● GOAL OF THE EXERCISE
The required answer is the data below, restated word for word with images omitted.

● GIVEN DATA
== Segment start ==

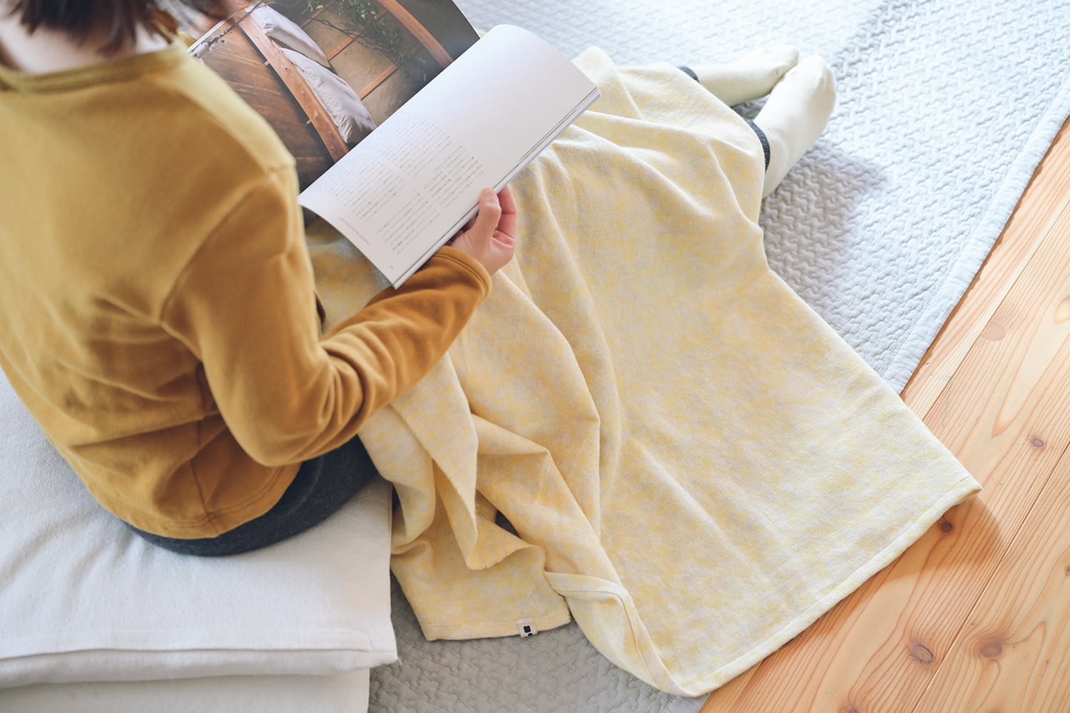 ふんわり、なのにかさばらない 1921年創業の老舗「前田源商店」の確かな技術。細い糸を丁寧に柔らかく織り上げ、起毛加工を施すことで、安心感のあるふんわりとした質感を実現。驚くほど軽く、収納性にも優れています。
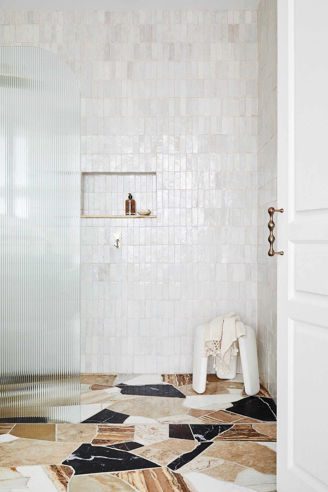 Wall tiles from Lulo Tiles. Palladiana floor & door handle designed by Kerrie-Ann Jones. Photo: Alicia Taylor
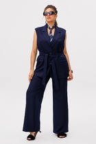Джинсы свободного кроя с объёмом в области бёдер и ног, которые сужаются к низу что делает их более аккуратными и удобными. Джинсы на притачном поясе, от середины передних половинок и по спинке на резинке. Имеются шлёвки под ремень. Застежка спереди по типу «гульфик». По бокам большие накладные карманы. По переду джинсовые карманы с отрезным бочком.
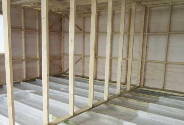 Каркас внутренних стен собирают из стеновых шаблонов аналогично наружным стенам. Внутренние простенки не несут большой нагрузки, и потому могут быть выполнены из доски меньшего сечения.

== Segment end ==

● ANSWER TO THE PROBLEM
 ふんわり、なのにかさばらない 1921年創業の老舗「前田源商店」の確かな技術。細い糸を丁寧に柔らかく織り上げ、起毛加工を施すことで、安心感のあるふんわりとした質感を実現。驚くほど軽く、収納性にも優れています。
 Wall tiles from Lulo Tiles. Palladiana floor & door handle designed by Kerrie-Ann Jones. Photo: Alicia Taylor
Джинсы свободного кроя с объёмом в области бёдер и ног, которые сужаются к низу что делает их более аккуратными и удобными. Джинсы на притачном поясе, от середины передних половинок и по спинке на резинке. Имеются шлёвки под ремень. Застежка спереди по типу «гульфик». По бокам большие накладные карманы. По переду джинсовые карманы с отрезным бочком.
 Каркас внутренних стен собирают из стеновых шаблонов аналогично наружным стенам. Внутренние простенки не несут большой нагрузки, и потому могут быть выполнены из доски меньшего сечения.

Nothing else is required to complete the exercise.